→ **What you have to do**
Return the lines below exactly, from the first line to the line that contains "N-Gal Relaxed Fit". Leave out pictures.

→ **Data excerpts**
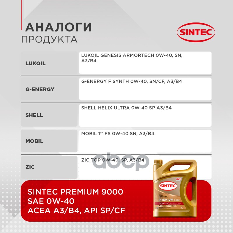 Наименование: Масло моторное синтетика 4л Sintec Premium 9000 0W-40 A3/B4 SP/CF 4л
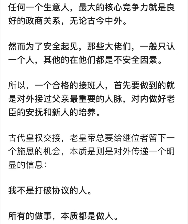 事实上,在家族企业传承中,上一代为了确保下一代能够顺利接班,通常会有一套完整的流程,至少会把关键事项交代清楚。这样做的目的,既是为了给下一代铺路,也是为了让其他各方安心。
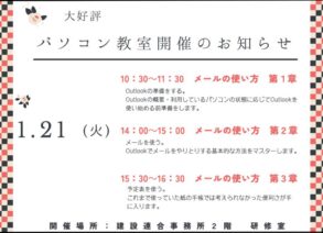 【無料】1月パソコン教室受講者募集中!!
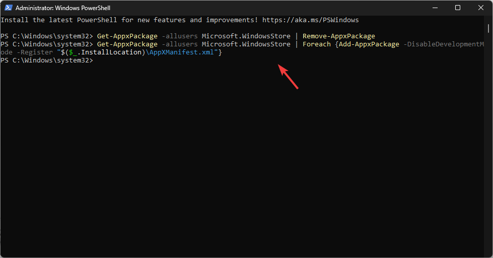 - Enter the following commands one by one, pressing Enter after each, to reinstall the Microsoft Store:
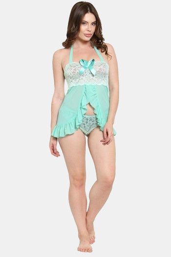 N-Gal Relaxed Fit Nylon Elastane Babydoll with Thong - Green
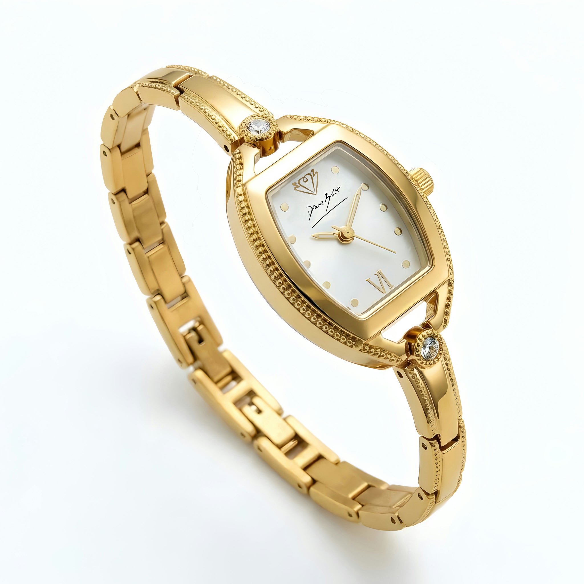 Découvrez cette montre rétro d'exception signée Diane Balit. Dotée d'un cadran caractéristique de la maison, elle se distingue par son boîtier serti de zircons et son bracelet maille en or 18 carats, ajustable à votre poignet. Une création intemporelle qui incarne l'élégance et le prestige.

→ **Answer for the task**
 Наименование: Масло моторное синтетика 4л Sintec Premium 9000 0W-40 A3/B4 SP/CF 4л
 事实上,在家族企业传承中,上一代为了确保下一代能够顺利接班,通常会有一套完整的流程,至少会把关键事项交代清楚。这样做的目的,既是为了给下一代铺路,也是为了让其他各方安心。
 【無料】1月パソコン教室受講者募集中!!
 - Enter the following commands one by one, pressing Enter after each, to reinstall the Microsoft Store:
 N-Gal Relaxed Fit Nylon Elastane Babydoll with Thong - Green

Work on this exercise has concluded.